I've seen it up close myself; last year, one of my three sons was diagnosed with autism. He is on the high-functioning end of the spectrum, just like the main character on The Good Doctor. But there is little familiar to me in the show's depiction of autism, and I would rather watch a show about the man my son might actually be in twenty or thirty years.
"For someone to make it through college, medical school, clinical rotations, and internship, by the time they got to residency they would likely have developed more compensatory skills," says Voulgarakis. "Their social deficits would not be as apparent as they are portrayed in 'The Good Doctor,' or as they were in the even more dramatised case of Dr. Dixon, the brilliant heart surgeon who was briefly on 'Grey's Anatomy' [in season five]." [line about dixon]
Although my son is smart and likes to help people—and could certainly become a doctor one day if he had the desire—he's not a savant. If he decided to pursue a career in medicine, what would his life actually look like?
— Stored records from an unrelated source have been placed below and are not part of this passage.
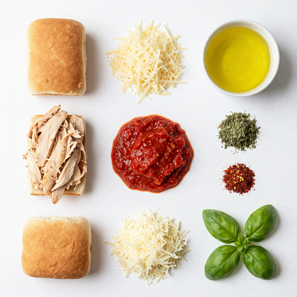 To make Baked Chicken Parmesan Sliders, start with these essential ingredients. Slider rolls are the base, soft and perfect for holding the toppings. Cooked chicken, shredded, provides protein and flavor. Marinara sauce adds moisture and a rich taste. Cheese is key; use mozzarella for meltiness and Parmesan for a salty bite. Seasonings like garlic powder and oregano give depth to the dish.
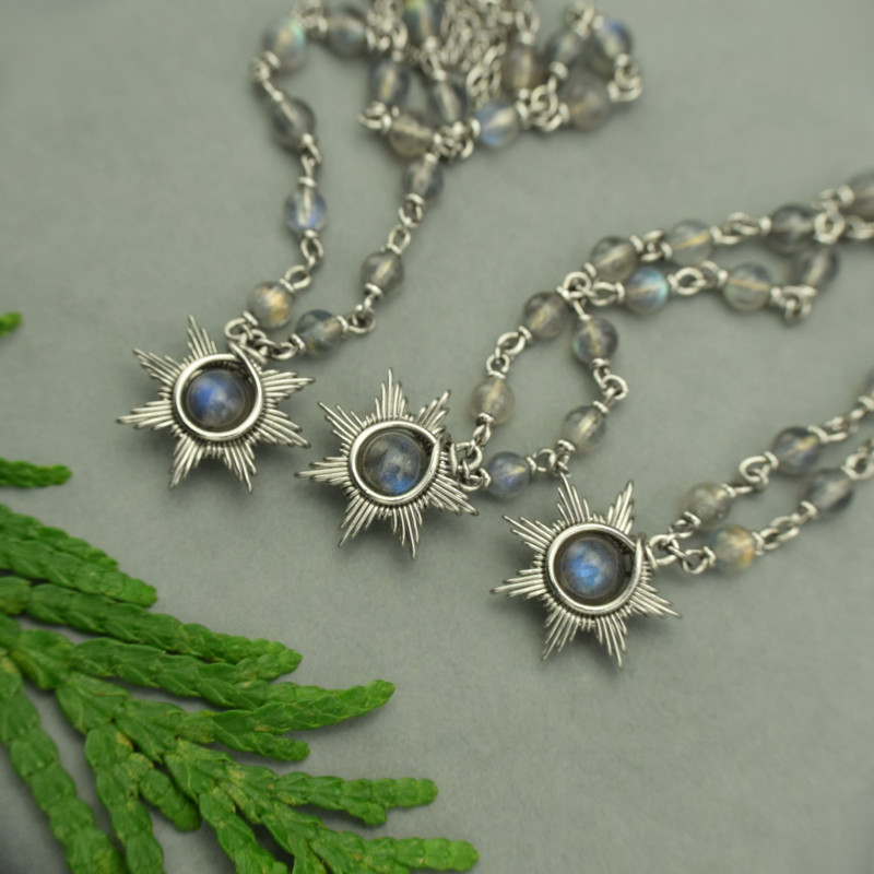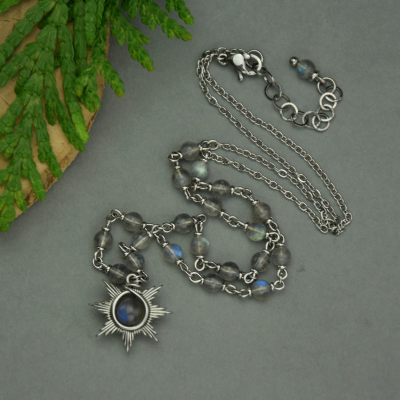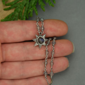 Krótki naszyjnik labradoryty słońce wire wrapping
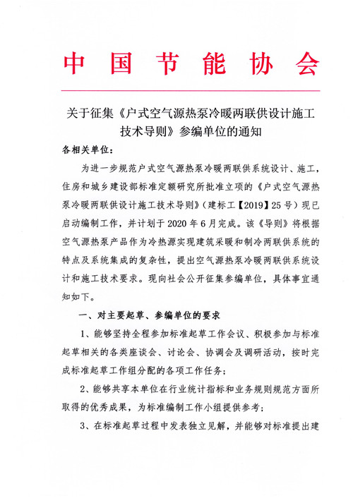 关于征集《户式空气源热泵冷暖两联供设计施工技术导则》参编单位的通知
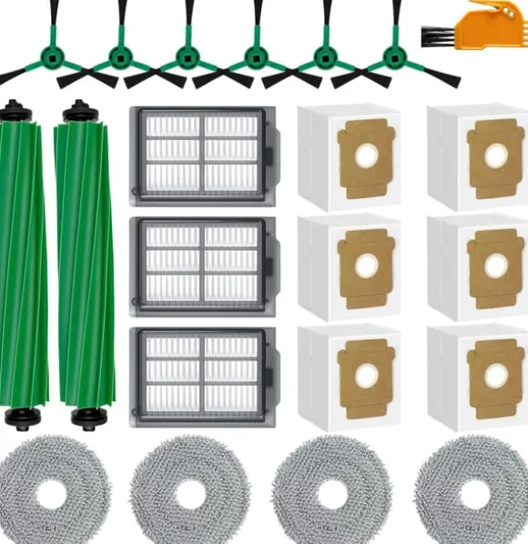 Komplett ersättningsset: Detta omfattande set innehåller allt du behöver för att underhålla din iRobot Roomba Plus 405/505 Combo. Med flera huvudborstar, sidoborstar, filter, dammpåsar och moppdukar kan du enkelt byta ut slitna delar och förlänga livslängden på din robotdammsugare. Setet innehåller även en rengöringsborste för att underlätta underhållet. Alla delar är kompatibla med iRobot Roomba Plus 405/505 Combo.
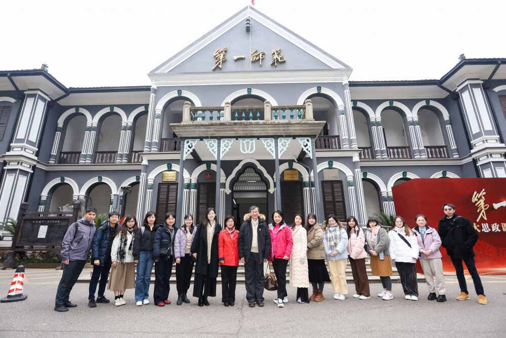 ▲教大校長、教職員與學生在第一師范舊校舍前合照
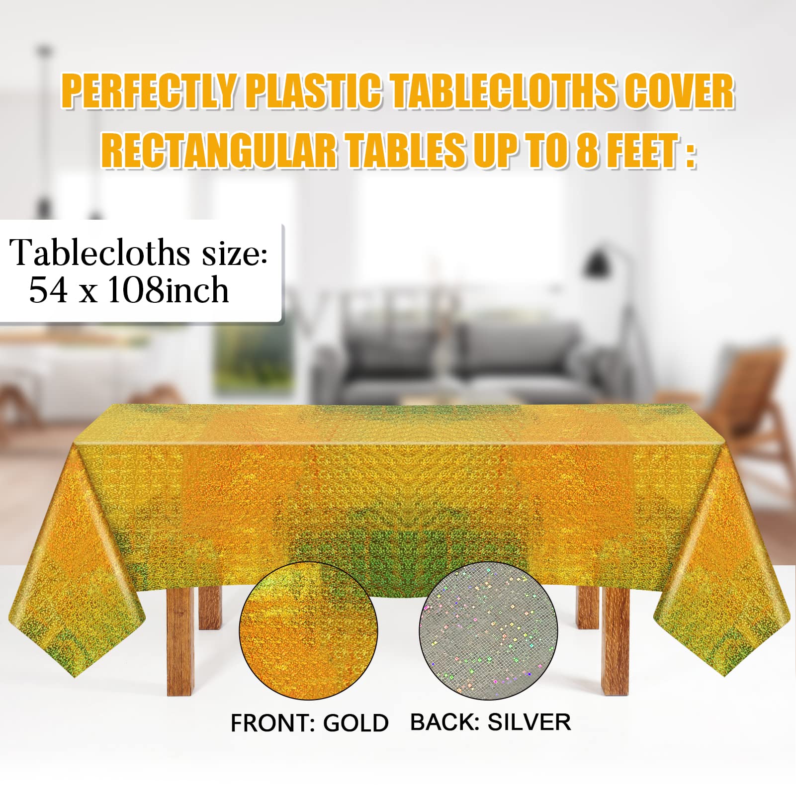 Disposable Tablecloth Package Include: 3 Pcs plastic tablecloth, the size of tablecloth is 54 x 108 inch, they will cover up to an 8-foot table. The plastic table cover is a perfect choice as iridescent party decorations, princess party decorations, baby shower decorations, birthday tablecloth, graduation tablecloth and other occasions

He might ace his medical boards, but have to carefully rehearse his bedside manner to avoid seeming brusque or uncaring. He might look forward to the moment when he could lock himself in his office to complete paperwork, craving silence and solitude. He might cite statistics and studies in a sincere attempt to be comforting when a fearful patient asks about the life expectancy of a cancer diagnosis. He might bottle up his frustrations during the day, maintaining a composed veneer of professionalism, and then release his pent-up emotions on his spouse when he returns home.
Perhaps the more important question is this: How would people respond to him if he did behave this way? Remember, he wouldn't have the saving grace of being supernaturally smart. He wouldn't be Dr. Shaun Murphy—he would just be himself, part of the ungifted majority of people with autism.
If he wasn't a savant, how would people treat him? I don't know the answer. But if someone made a television show about that character, I'd watch it.